I was just wondering if there are any one else whos traveled a great distance within Canada, and if there was any tips suggestions or places to check out it would be greatly appriciated!


----------



## aneurysmamanda

yeah i know it gets cold everywhere outwest thats why were just heading out for the summer, its not nearly as bad. I've experienced canadian winters and i don't really feel like dealing with them stranded in the middle of saskachewan, but other then it being cold anyother suggestions like what to bring or places to stop at?


----------



## iamcrkt

Ah, yes. The ever so pivotal: "Where do I go?" and "What do I bring?" questions! Welllllll.... I find that it's really hard to answer these questions for anyone except myself. If you find yourself asking these questions then you should really be asking yourself these questions: "Am I cut for travelling?" and "Do I feel comfortable sleeping outside in many different types of weather?" and "Am I comfortable carrying just the necessities or do I need my whole bedroom?"...

Just some food for thought.


----------



## Mouse

this random dude friended me on myspace the other day... he's a full time canadian hitchhicker. he may be able to help you. 

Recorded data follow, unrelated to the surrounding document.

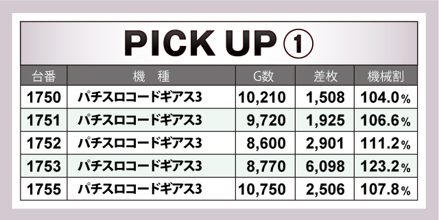 また、横並び5台が好調だったのは『パチスロコードギアス 反逆のルルーシュ3』。差枚数+6千枚の台を筆頭に全ての台がプラス、トータル+1万5千枚近くに!
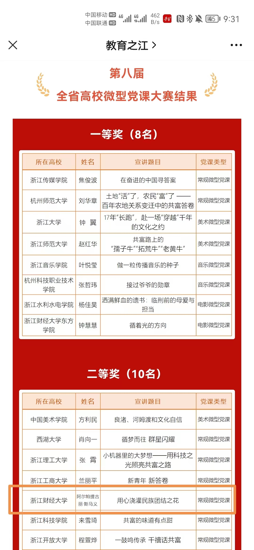 省教育厅公布了第八届全省高校微型党课大赛结果,5278论坛 学生第四党支部党员阿尔帕提古丽·斯马义微党课作品《用心浇灌民族团结之花》获得二等奖。
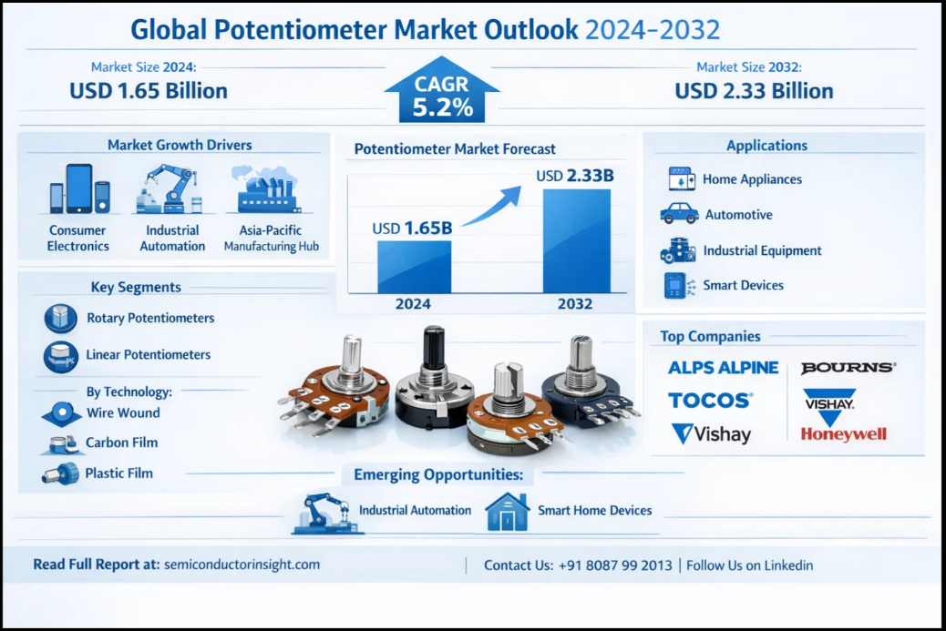 #PotentiometerMarket #ElectronicsIndustry #MarketGrowth #Automation #SmartDevices #IndustrialAutomation #ConsumerElectronics #MarketResearch #Semiconductor #TechTrends #GlobalMarket #ElectronicsManufacturing #Innovation #BusinessGrowth #IndustryAnalysis
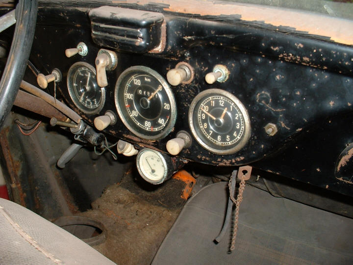 The instrument panel with the instruments when the restoration begun. At the far left there is a instrument with fuel gauge and oil pressure gauge combined. The speedometer is located in the middle, and on the right side there is a watch, purely mechanical. Below the panel there is a temperature gauge for the engine coolant system. It was not original, but a common add-on.
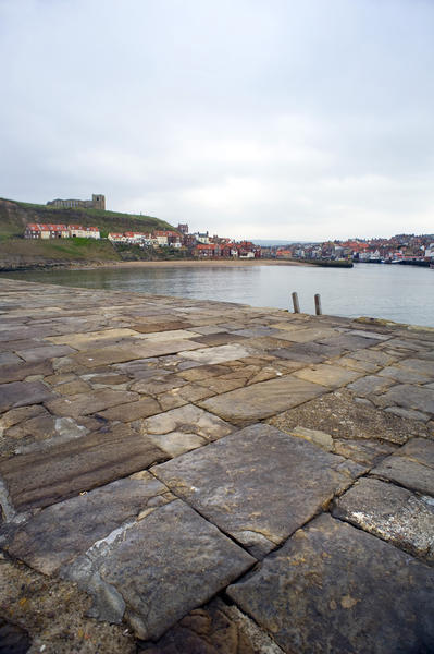 Detail of the East Pier in Whitby showing the old stone flagstones used in its construction with the town visible in the distance
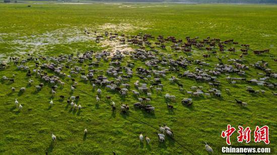 牛羊在草原上悠悠吃草。(无人机拍摄)毕力格摄
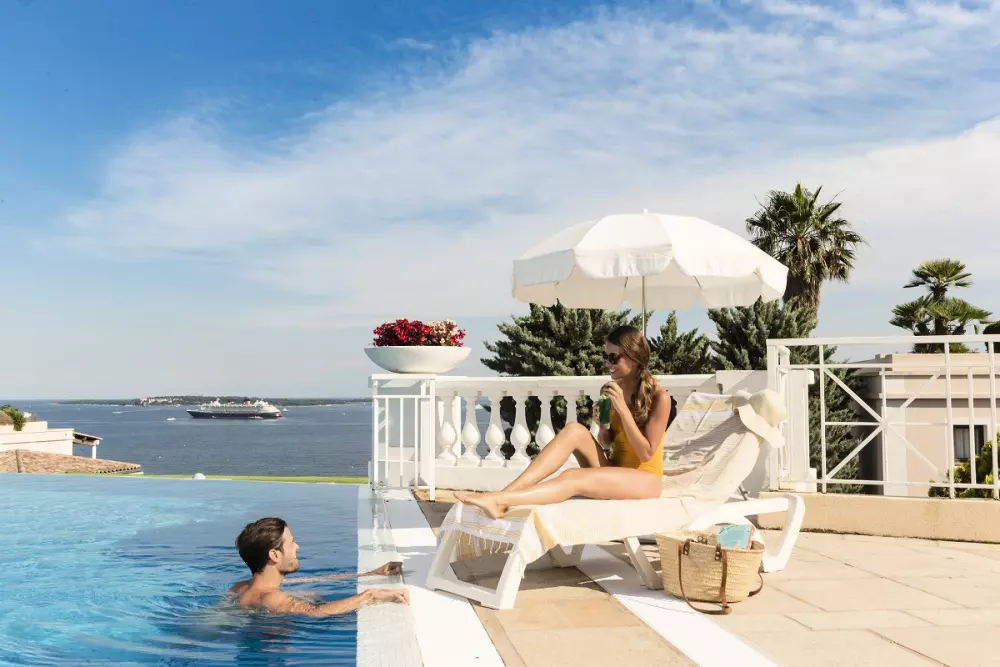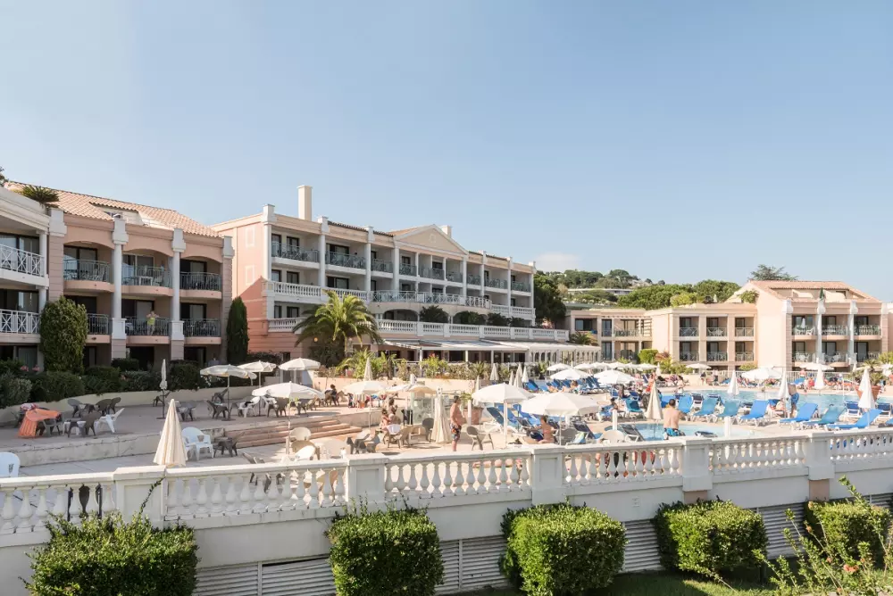 Selon les bâtiments, la résidence offre de nombreux points de vue comme sur la baie de Cannes et les Îles Lérins, ou encore sur les roches rouges de l'Estérel.
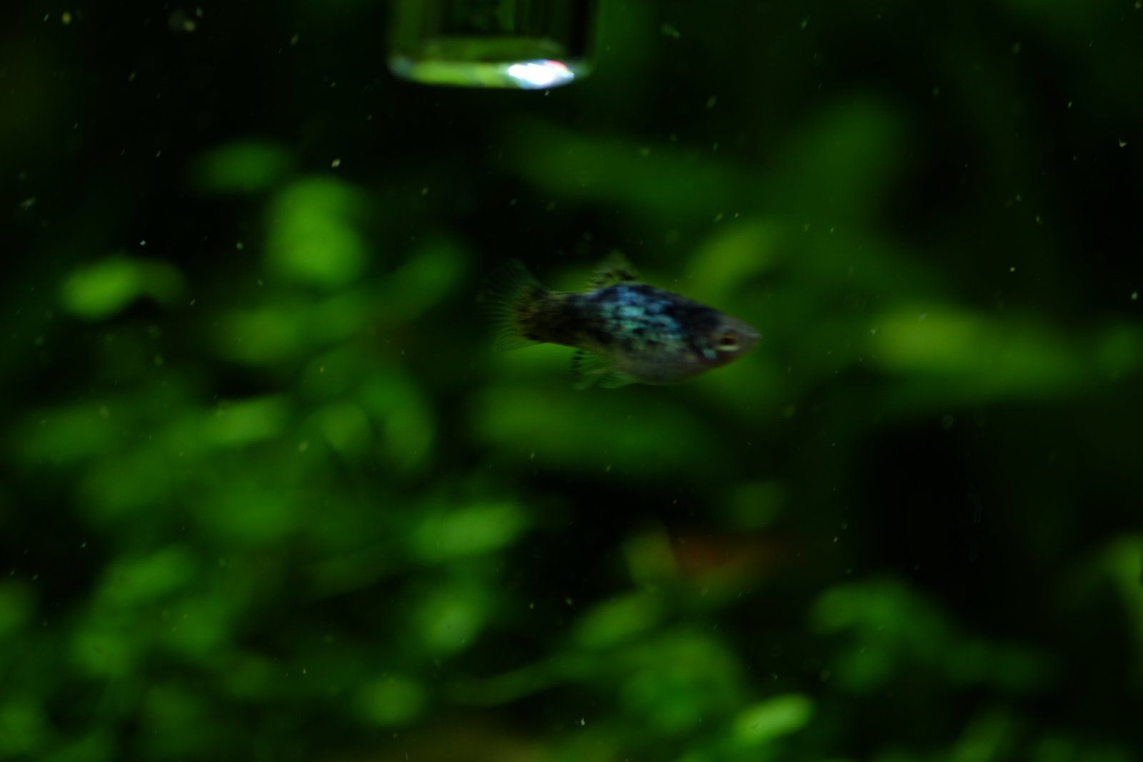 Some of the baby fish! I'm growing out a few blue platy youngsters in here, I grabbed them from the 57 gallon while they were tiny, 'cos I want to keep some blue platy lines going in there, and didn't want them to be mated by the snta or red mickey mouse platies in there.
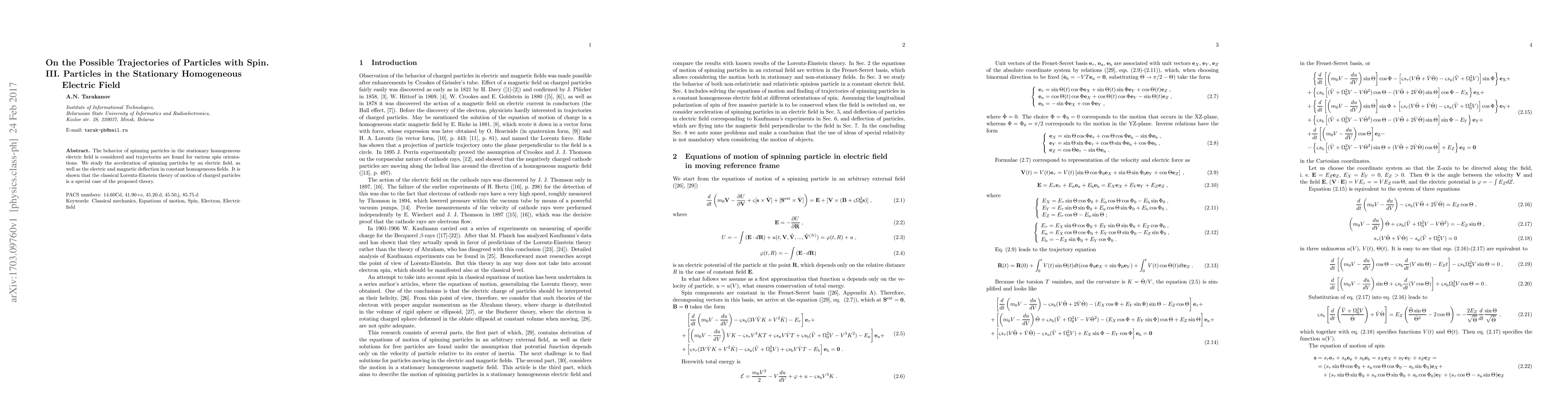 This paper explores the trajectories of spinning particles in a stationary homogeneous electric field, revealing their acceleration and deflection due to electric and magnetic forces. It extends the classical Lorentz-Einstein theory to include spinning particles, demonstrating a broader framework.
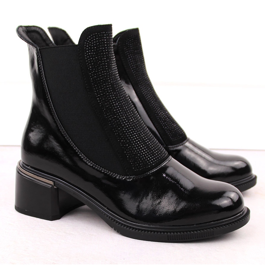 Details: Women's patent leather ankle boots with zircons, black, Vinceza
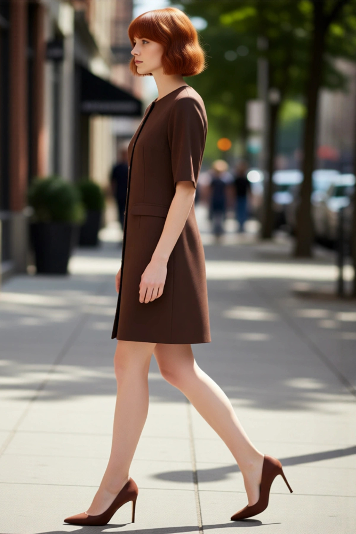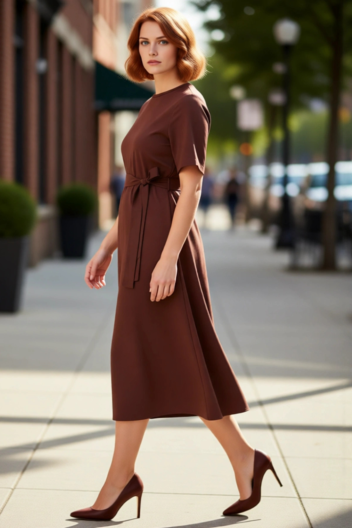 Kadın Kahverengi Düz Desen Kısa Kol A Line Dokuma Elbise Modern Mini Boy Ofis ve Günlük Kullanım
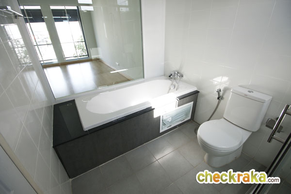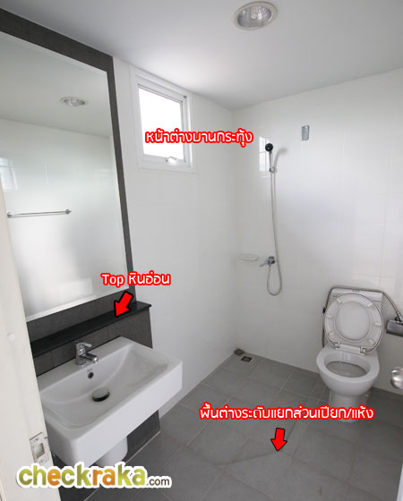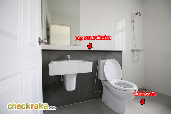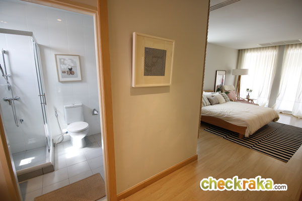 ห้องน้ำภายในห้องนี้มีสุขภัณฑ์ให้ครบ พร้อมกับส่วนอาบน้ำมีพื้นต่างระดับแยกไว้
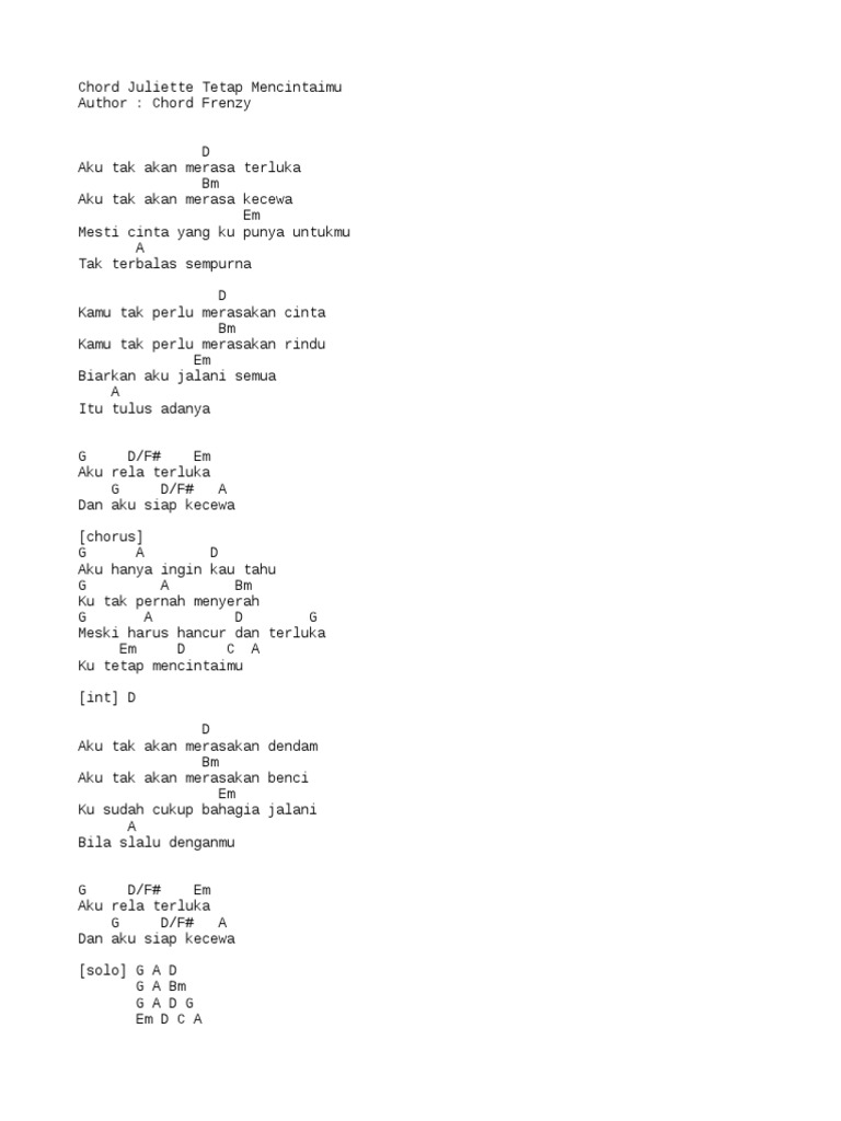 Chord Tetap Mencintaimu By Juliette Chordlicious
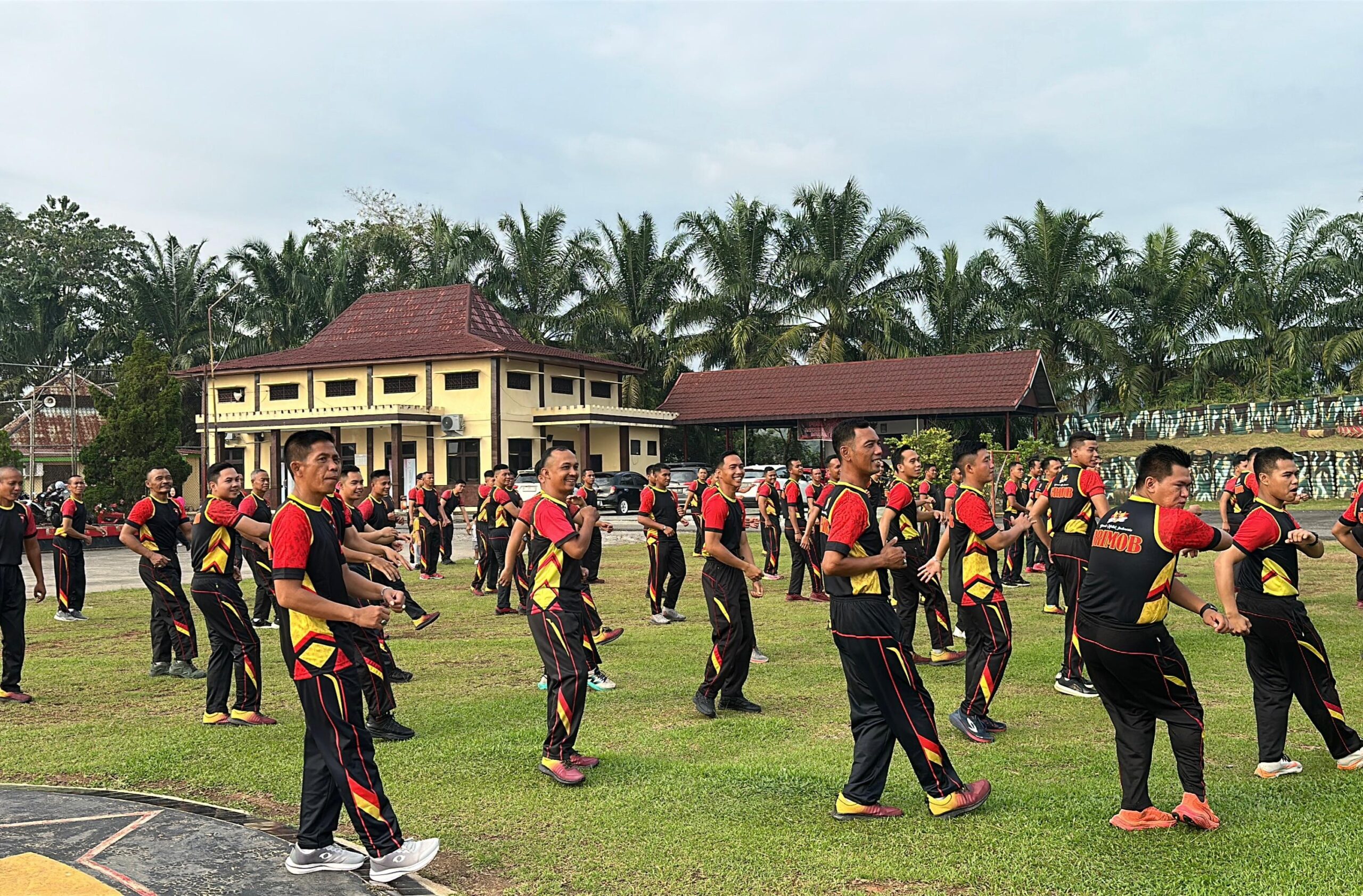 Kegiatan senam bersama digelar di Lapangan Mako Batalyon B Pelopor, Sabtu (27/9/2025) pagi.

http://www.myspace.com/kipperhitchhikes


----------



## aneurysmamanda

i'm pretty sure i'd be cut out for traveling, i'm quite used to just having the essentials and definitly not the type who need the whole bedroom. as for sleeping in all kids of weather, been there done that,many times over my life. I've asked myself these questions many times before over the past while and i know that i'd definitly be up for it, but thanks for the advice anyways, it's good to know that theres people out there who wont lead you out into the woods and then give you zero information on what to expect about being there.


----------



## trangus

hey. i love canada. pretty lax, people and gvt. but a little too lax for the most part. but as for kewl places, theres lots, nelson is kinda cool, really weird though. lotsa dreamy people, but the whole kootenay area is awesome. i dont care for vancouver, but lotsa people love it. i really like the (vancouver)island. victoria is like the island city, theres some kids there and such, not a horrible place. montreal kix ass!! and all o quebec was really kewl. woulda been cooler if i spoke french, but hey its a kewl excuse to learn a new language. banff is beautiful. i guess kinda kewl, just passed through in a bus. guelph ontario is kinda kewl, its like the place in onterrible thats not in onterrible! halifax is alright, but i didnt like the rest of nova scotia, it was kinda tough hitchin.umm, more later, but yeah,
peace


----------



## aneurysmamanda

yeah canada is sweet, i've traveled a few places here and they've all friggin rocked. i've heard a lot abot BC and i've never got to really delve into BC a whole lot because i just went in for a day trip when i was visiting my cousin in Calgary, and believe me i KNOW montreal kicks ass, half my family originates from quebec i love it, and i can speak/undersand french pretty well so its a really big advantage!! you should definitly check it out again because it is soo cool, and i must say say out of most of onterrible except where i live in newmarket. its like 40 minutes north of toronto and the best small punk scene in canada, swear to god it is sweet here.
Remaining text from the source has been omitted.